2012-07-29 Thread Kevin P Dyer
On Wed, Jul 25, 2012 at 9:18 PM, David Fifield  wrote:
> This is a summary of some discussion among developers of pluggable
> transports about steganographic channels and deriving them from protocol
> grammars. Two things prompted the discussion:
>
> [snip]
>
> David (yours truly) wants to write or help write a simple pluggable
> transport derived from regular-expression signatures, even with the
> limitations shown above. Client and relay would need matching signature
> models. For the same of simplicity, it will only seek to match the given
> signature, and not be indistinguishable in the strong sense mentioned
> above. It won't do symmetric encryption of the underlying TLS (or if it
> does, will use a fixed key). It won't use the constructions from the
> Provably Secure Steganography paper, rather it will just encode its
> stream directly in DFA edge transitions. I think it will be interesting
> to see 1) how far a simple system can get us, and 2) what additional
> changes we would have to make to be provably secure against censors
> using more sophisticated computational models than regex.
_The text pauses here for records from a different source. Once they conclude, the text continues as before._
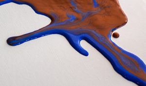 The focus of the image combined with the contrast does a great job at showing the mixing of the two colors. The texture of the background does a great job at moving focus around the image. Were brown and blue intentionally chosen?
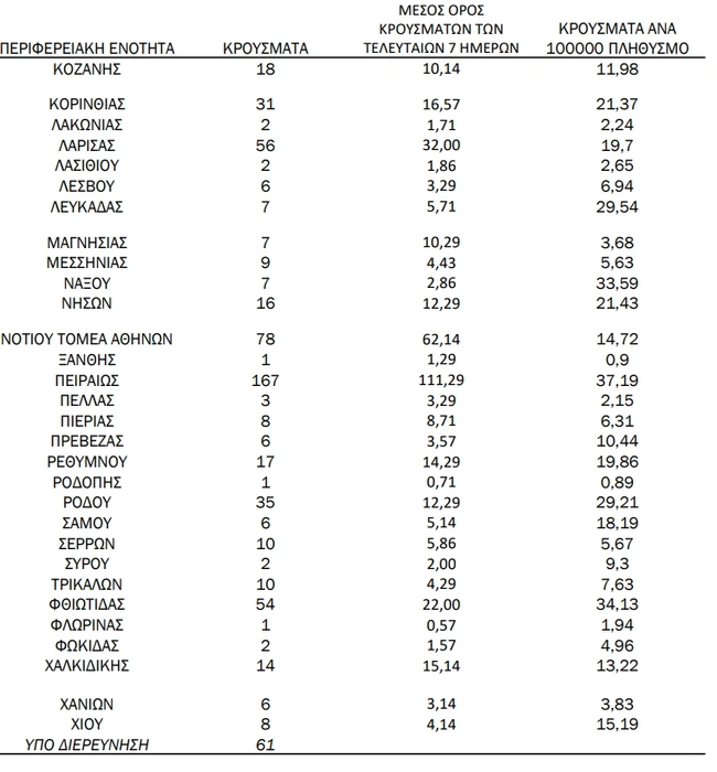 Επίσης, σημειώθηκαν ακόμα 56 στη Λάρισα και 54 στη Φθιώτιδα.
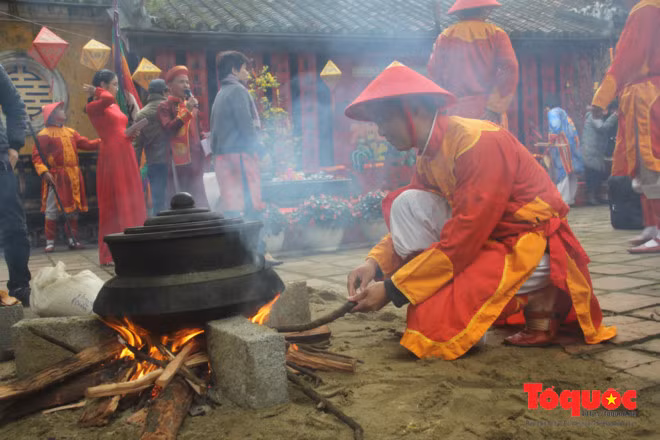 Sau các nghi lễ, 10 lính vệ tiến hành dựng nêu...
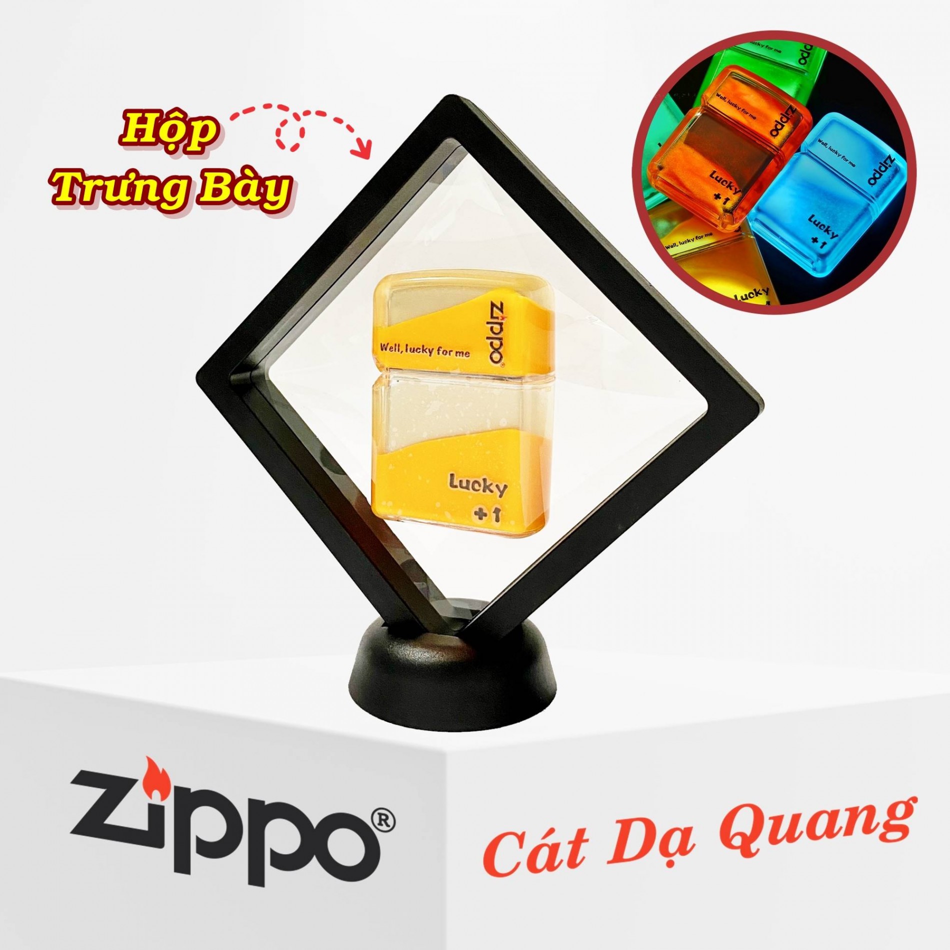 Bật lửa Zippo cát dạ quang màu cam kèm hộp trưng bày xài xăng

Protocol grammars present an interesting foundation for designing
pluggable transports. As Roger knows, my co-authors and I came up with
this idea about a year ago and have since been working on realizing it
too. We call our approach "Format Transforming Encryption."

Our approach at a high level is similar to what you describe: we use
regular expressions to efficiently encode traffic on the wire. We've
been working out a lot of the challenges that need to be overcome to
make our approach feasible. As you could imagine, it's non-trivial to
produce languages that are efficient, satisfy basic security
constraints, and are able to pass through proxies. However, I'm happy
to report we have a proof-of-concept that's nearly ready to release to
the Tor community. We are in the process of preparing a research paper
for submission. Once it's ready we'll also post a technical report and
I'll point you guys to it.

At that point ---should be just a couple of weeks--- I'll be happy to
explain more details about our work, share code, etc. There will, of
course, be lots of interesting questions remaining about practical
deployment and we'd be happy to get feedback to improve our framework
and get it in shape to be deployed with Tor.

-Kevin
___
tor-dev mailing list
tor-dev@lists.torproject.org
https://lists.torproject.org/cgi-bin/mailman/listinfo/tor-dev


Re: [tor-dev] Brainstorming about steganographic transports

2012-07-28 Thread Zack Weinberg
On Wed, Jul 25, 2012 at 11:56 PM, Robert Ransom  wrote:
> On 7/26/12, David Fifield  wrote:
>
>> We can use appid-like signatures to make steganographic channels, if we
>> assume that the signatures are a realistic reflection of actual use of
>> the protocols. But: this relies critically on the accuracy of the model.
>> (Specifically, does it match the censor's model? If he uses simple
>> regular expressions for blocking, then we win; if not, then we probably
>> lose.)
>
> Not quite.  If the language your syntactic model was based on is
> accepted by the particular regular expressions that the censor is
> currently using, you win (until They change to new regexps).
> Otherwise, you lose.

Some aspects of the wire traffic generated by any given protocol are
going to be wholly defined by the protocol specification (including
errata and "everyone does it this way" spackle).  Other aspects can
vary depending on higher-level input to the protocol.  It might be
useful to decompose your arithmetic-coding output model into two
stages: do the generation of said 'higher-level input'
probabilistically, then use an actual implementation of the cover
protocol to produce the fixed components.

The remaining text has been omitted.